The restaurant with the witty little dots over the "o" in its name, meant to signify the eyes of a squatting frog, the restaurant that more than any other weaned Philadelphia from its steak and lobster ways, had been losing money in recent years.

Some blamed competition from newer restaurants, notably the elegant DeLullo Centro up the block.

Others cited the baby boomlet and a dearth of reliable babysitters, which is said to be turning middle-age baby boomers into couch potatoes who prefer curling up with a pizza in front of the VCR to dressing up and dining out.

The customers who dropped by last night to say goodbye had few theories to offer, but many pleasant memories to share.

Kathy and Arthur Miller patronized the Frog when it opened at its original location on 16th Street 14 years ago. "We dated there," said Kathy Miller.
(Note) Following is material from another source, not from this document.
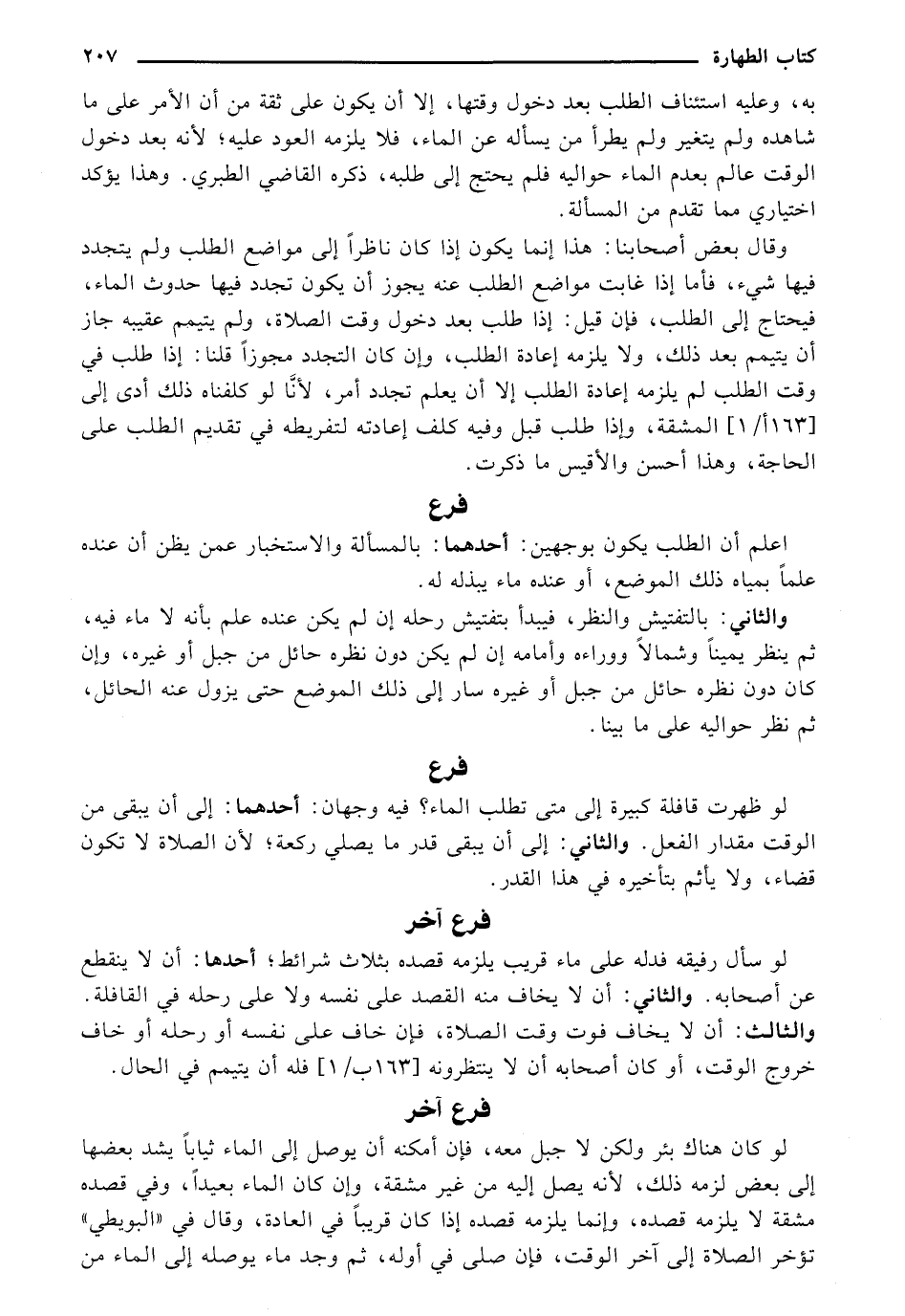 وقال بعض أصحابنا: هذا إنما يكون إذا كان ناظراً إلى مواضع الطلب ولم يتجدد فيها شيء، فأما إذا غابت مواضع الطلب عنه يجوز أن يكون تجدد فيها حدوث الماء، فيحتاج إلى الطلب، فإن قيل: إذا طلب بعد دخول وقت الصلاة، ولم يتيمم عقيبه جاز أن يتيمم بعد ذلك، ولا يلزمه إعادة الطلب، وإن كان التجدد مجوزاً قلنا: إذا طلب في وقت الطلب لم يلزمه إعادة الطلب إلا أن يعلم تجدد أمر، لأنا لو كلفناه ذلك أدى إلى [163 ب/ 1] المشقة، وإذا طلب قبل وفيه كلف إعادته لتفريطه في تقديم الطلب على الحاجة، وهذا أحسن والأقيس ما ذكرت.

She and her husband were surprised that all the tables were not booked at the first seating, and they were a little puzzled, too.

'The food was delicious as always and the service was wonderful," she said. "We're only sorry we can't come back."

Elizabeth Slobasky, age 8, said she thoroughly enjoyed her dinner of roasted oysters with caviar, roast chicken and chocolate mousse cake. Her mother, Renee, noted that Poses "was in the forefront of this city's restaurant renaissance. Coming here has always been an experience in eating."

Renee's mother, Doris Edelstein, who once took cooking lessons from Poses at another of his restaurants, the Commissary, said, "I feel sad about the closing. I always brought guests here from out of town. This was the heart of Philadelphia already. It's the passing of an era."

The closing of the Frog did not signal the end of the Poses restaurant empire. He continues to operate the Commissary, the 16th Street Bar & Grill and a thriving catering and gourmet take-out business.

Shutting the Frog, said Poses, "was the right and necessary decision." But, he added, "even when you make these mature decisions, sometimes growing up is a little hard."